Directions: No pictures belong in the copy. Restate the rest of the data exactly.

Collected data
===============

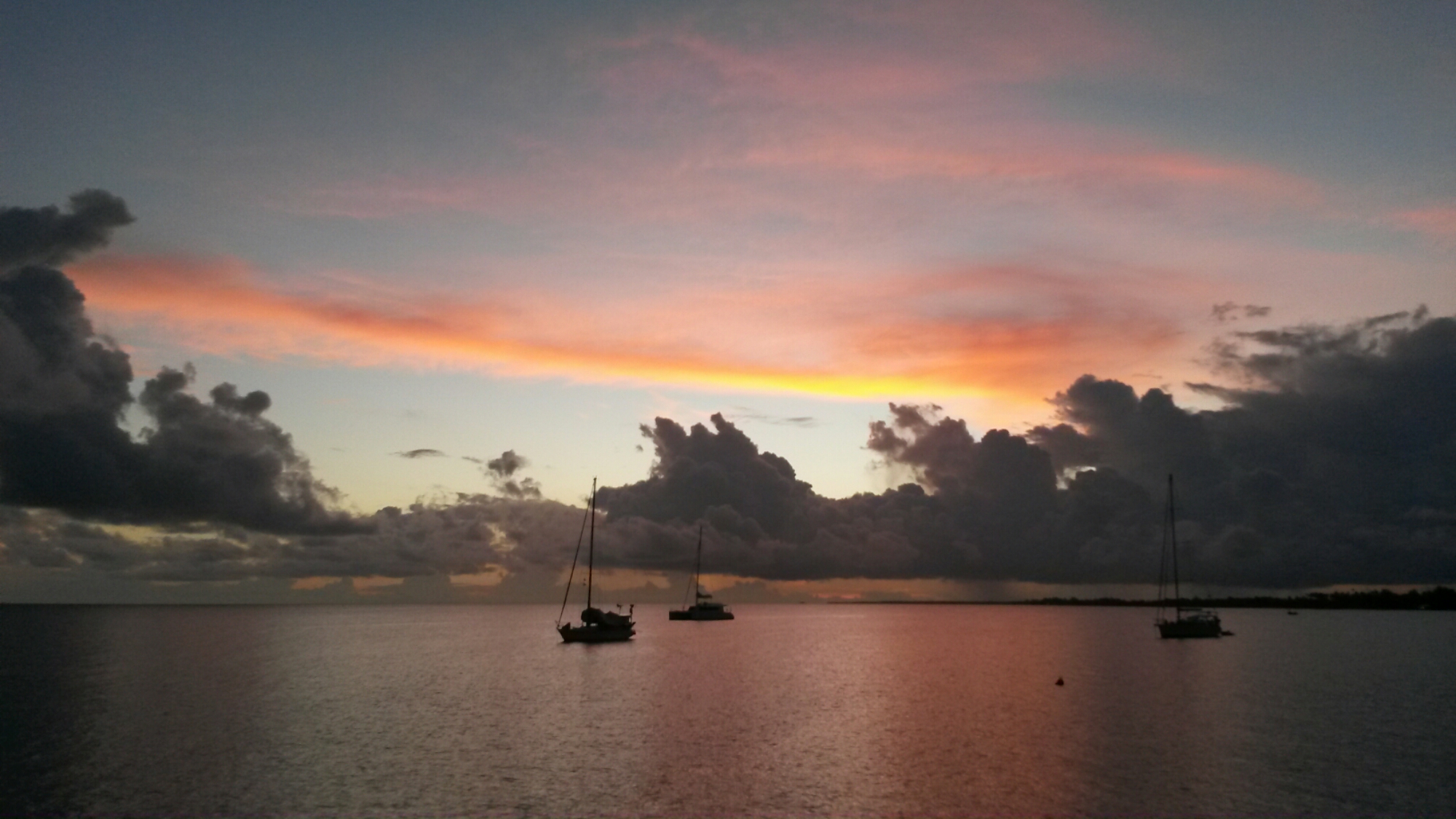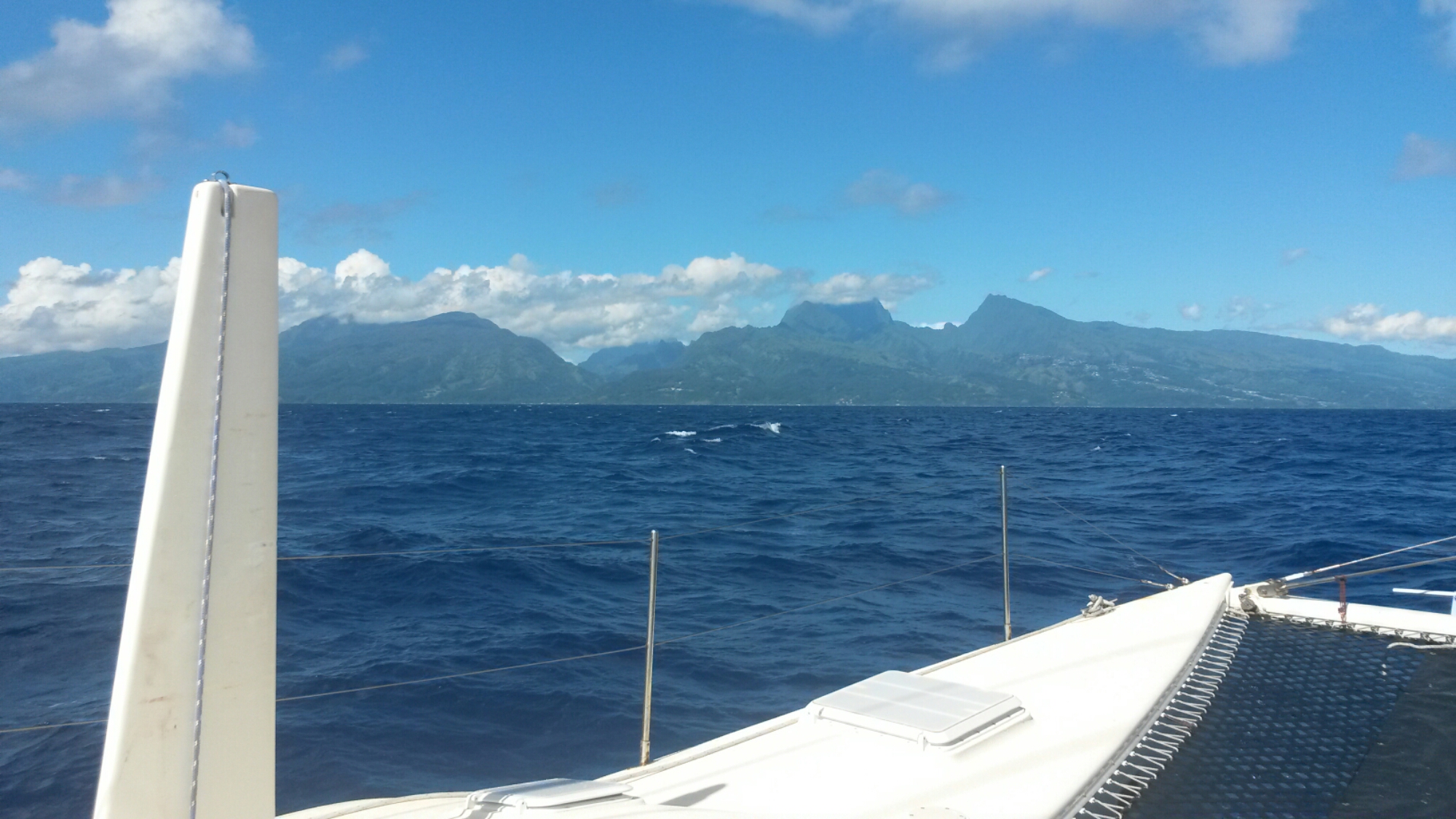 Yesterday we (Bill, Hallie and I) left Tahiti and sailed/motored the 10 miles or so to Mo’orea, where we could anchor out behind the reef, and get away from the city. That was a relief, but this anchorage leaves a lot to be desired, so we’ll get underway shortly to explore another part of the island.
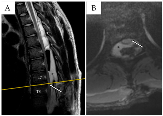 (A) Thoracic spine ceMRI, axial section, TSE T2-WI. The section is taken at the highest point of spinal cord compression (T7–T8), with early signs of radiological myelopathy (white arrow with black outlines). The spinal cord is dislocated anteriorly against the vertebral posterior wall. The SAC is marked with a black asterisk. (B) The yellow line indicates the level at which the axial section in (A) was obtained.
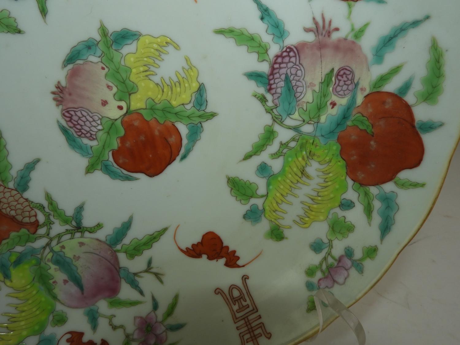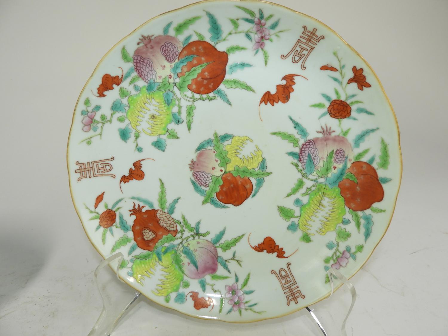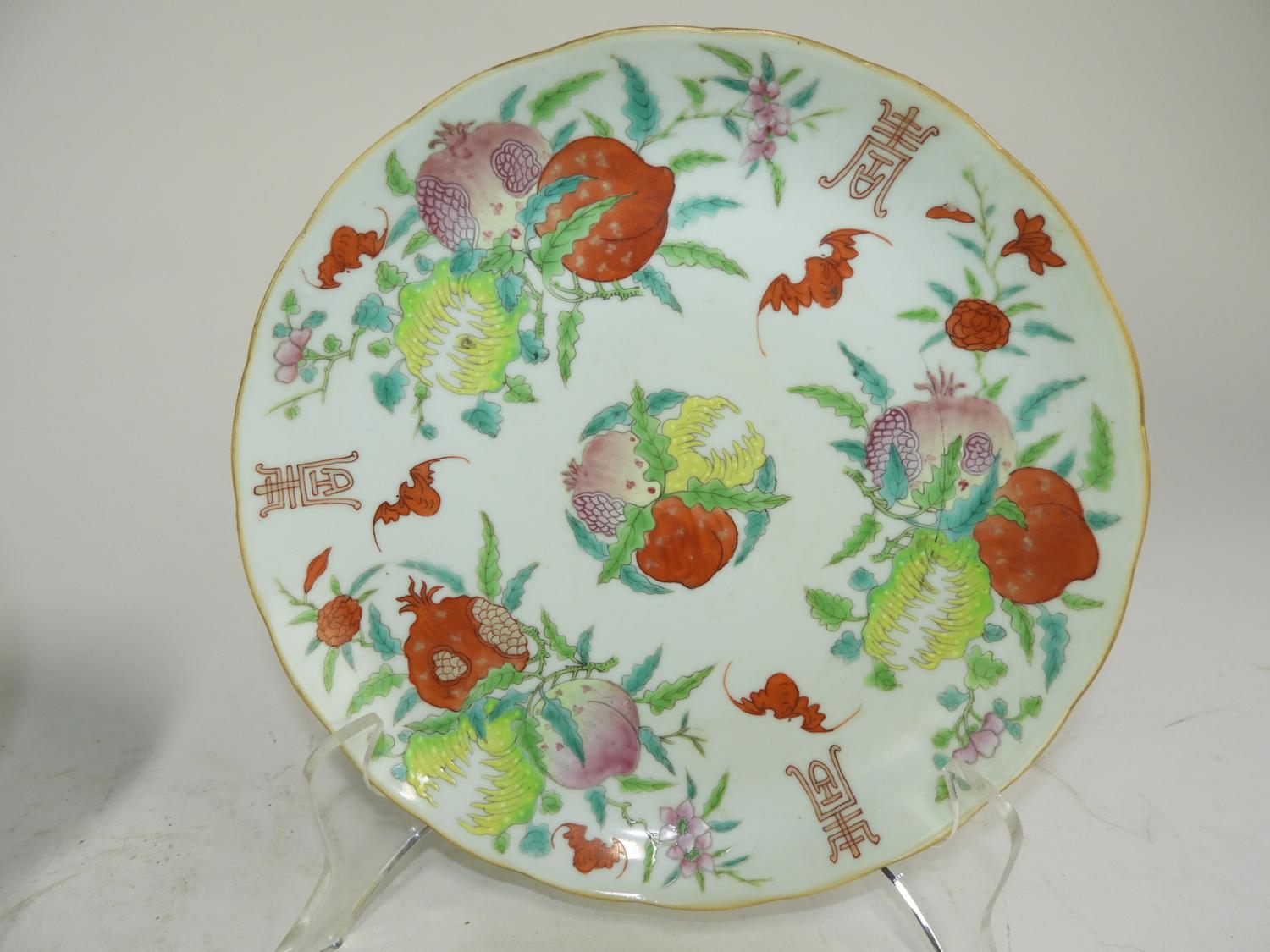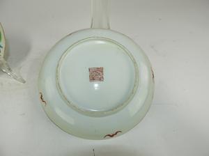 pair of chinese porcelain hand painted plates with six character mark, dia. 9 1/2"
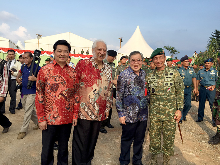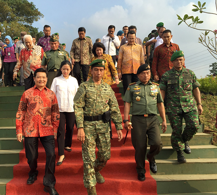 儀式結(jié)束后,佐科維總統(tǒng)在國軍總司令Moeldoko上將等陪同下離開會場(右起:陸軍總參謀長Gabot上將、國軍總司令Moeldoko上將、印尼總統(tǒng)佐科維、政治安全統(tǒng)籌部長Purdijatno、寶鷹集團董事局主席古少明等)
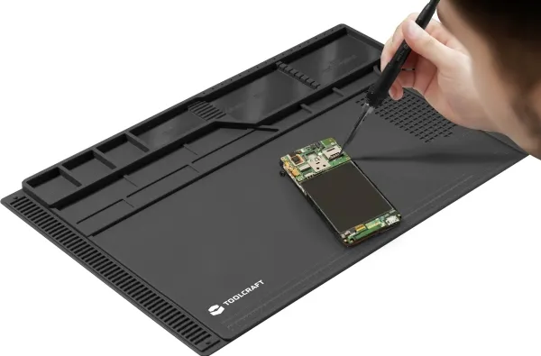 TOOLCRAFT 2362826 Lämmönkestävä pöytätyyny, juottotyyny, silikonityyny (L x S x K) 550 x 350 x 15 mm)
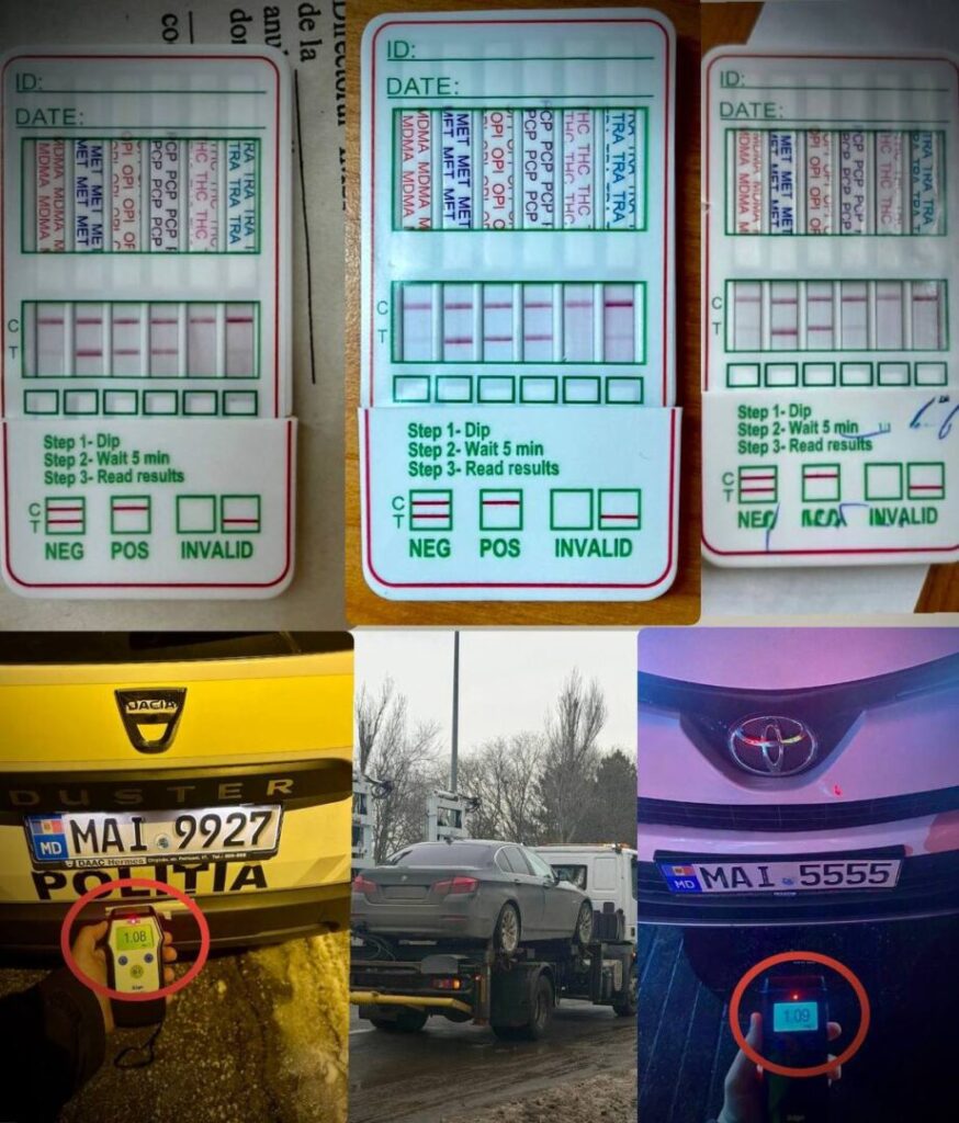 Au fost înregistrate și cazuri de conducere în stare de ebrietate. În comuna Budești, un bărbat de 37 de ani avea o concentrație de 1,08 mg/l alcool în aerul expirat. Pe bulevardul Mircea cel Bătrân din Chișinău, un șofer de 39 de ani a fost depistat cu 1,09 mg/l alcool în aerul expirat.
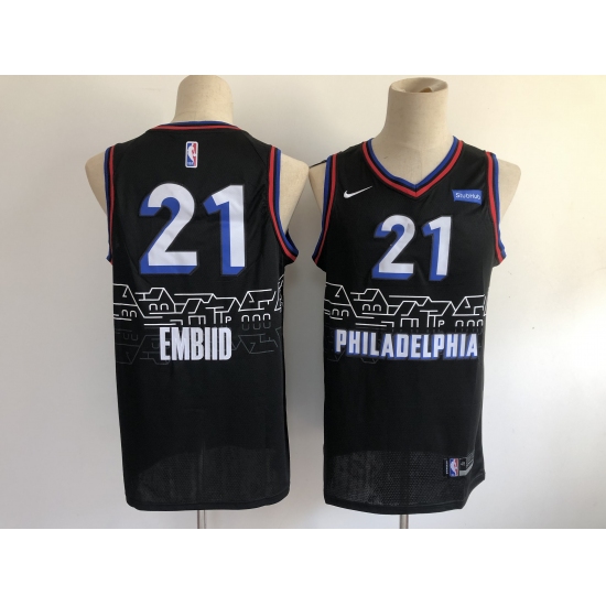 >Men's Philadelphia 76ers #21 Joel Embiid Nike Black 2020-21 Swingman Jersey
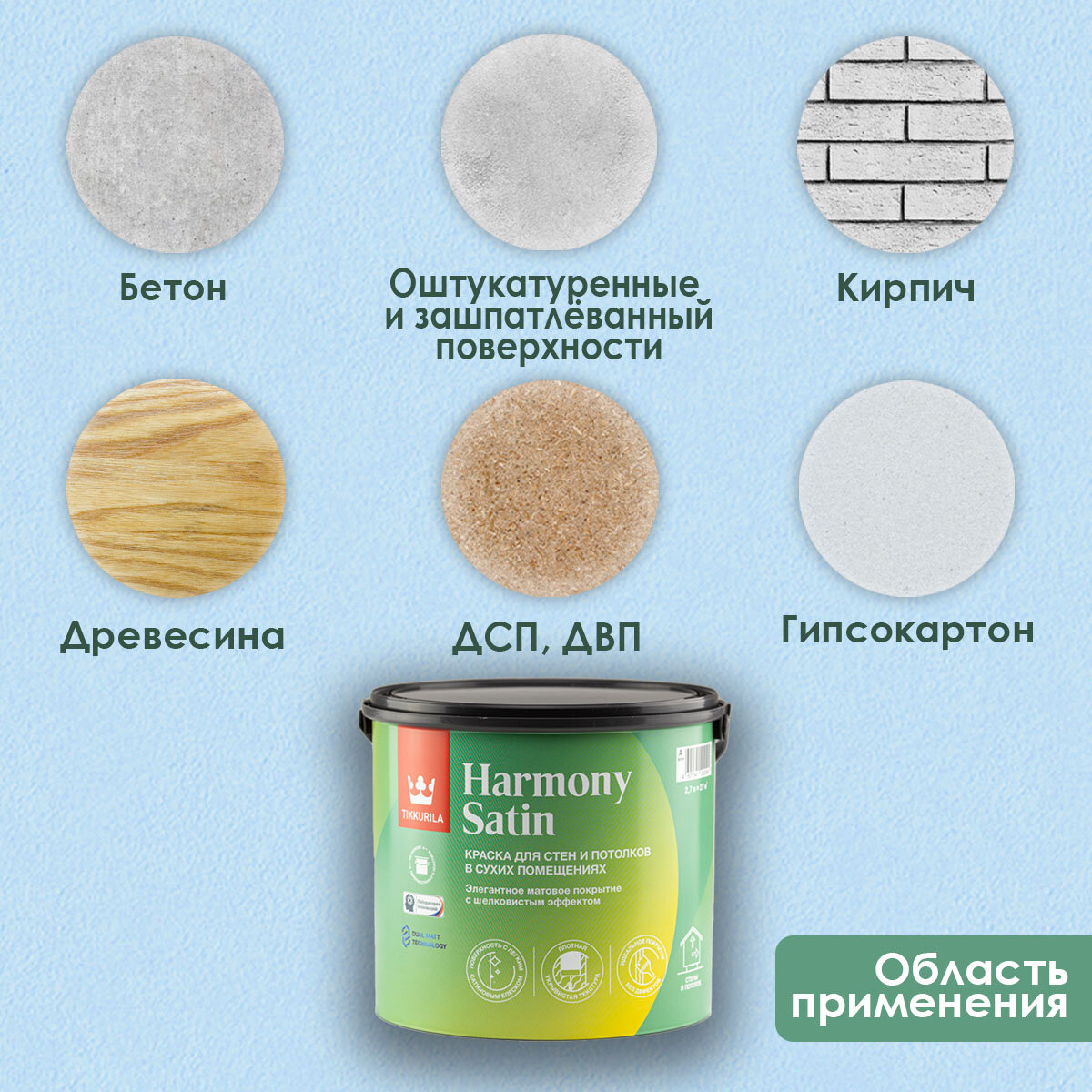 TIKKURILA Harmony Satin (Joker) краска для стен и потолков акриловая, 1 класс, матовая база А (0.9 л)

===============

Problem solution:
 Yesterday we (Bill, Hallie and I) left Tahiti and sailed/motored the 10 miles or so to Mo’orea, where we could anchor out behind the reef, and get away from the city. That was a relief, but this anchorage leaves a lot to be desired, so we’ll get underway shortly to explore another part of the island.
 (A) Thoracic spine ceMRI, axial section, TSE T2-WI. The section is taken at the highest point of spinal cord compression (T7–T8), with early signs of radiological myelopathy (white arrow with black outlines). The spinal cord is dislocated anteriorly against the vertebral posterior wall. The SAC is marked with a black asterisk. (B) The yellow line indicates the level at which the axial section in (A) was obtained.
 pair of chinese porcelain hand painted plates with six character mark, dia. 9 1/2"
 儀式結(jié)束后,佐科維總統(tǒng)在國軍總司令Moeldoko上將等陪同下離開會場(右起:陸軍總參謀長Gabot上將、國軍總司令Moeldoko上將、印尼總統(tǒng)佐科維、政治安全統(tǒng)籌部長Purdijatno、寶鷹集團董事局主席古少明等)
 TOOLCRAFT 2362826 Lämmönkestävä pöytätyyny, juottotyyny, silikonityyny (L x S x K) 550 x 350 x 15 mm)
 Au fost înregistrate și cazuri de conducere în stare de ebrietate. În comuna Budești, un bărbat de 37 de ani avea o concentrație de 1,08 mg/l alcool în aerul expirat. Pe bulevardul Mircea cel Bătrân din Chișinău, un șofer de 39 de ani a fost depistat cu 1,09 mg/l alcool în aerul expirat.
 >Men's Philadelphia 76ers #21 Joel Embiid Nike Black 2020-21 Swingman Jersey
 TIKKURILA Harmony Satin (Joker) краска для стен и потолков акриловая, 1 класс, матовая база А (0.9 л)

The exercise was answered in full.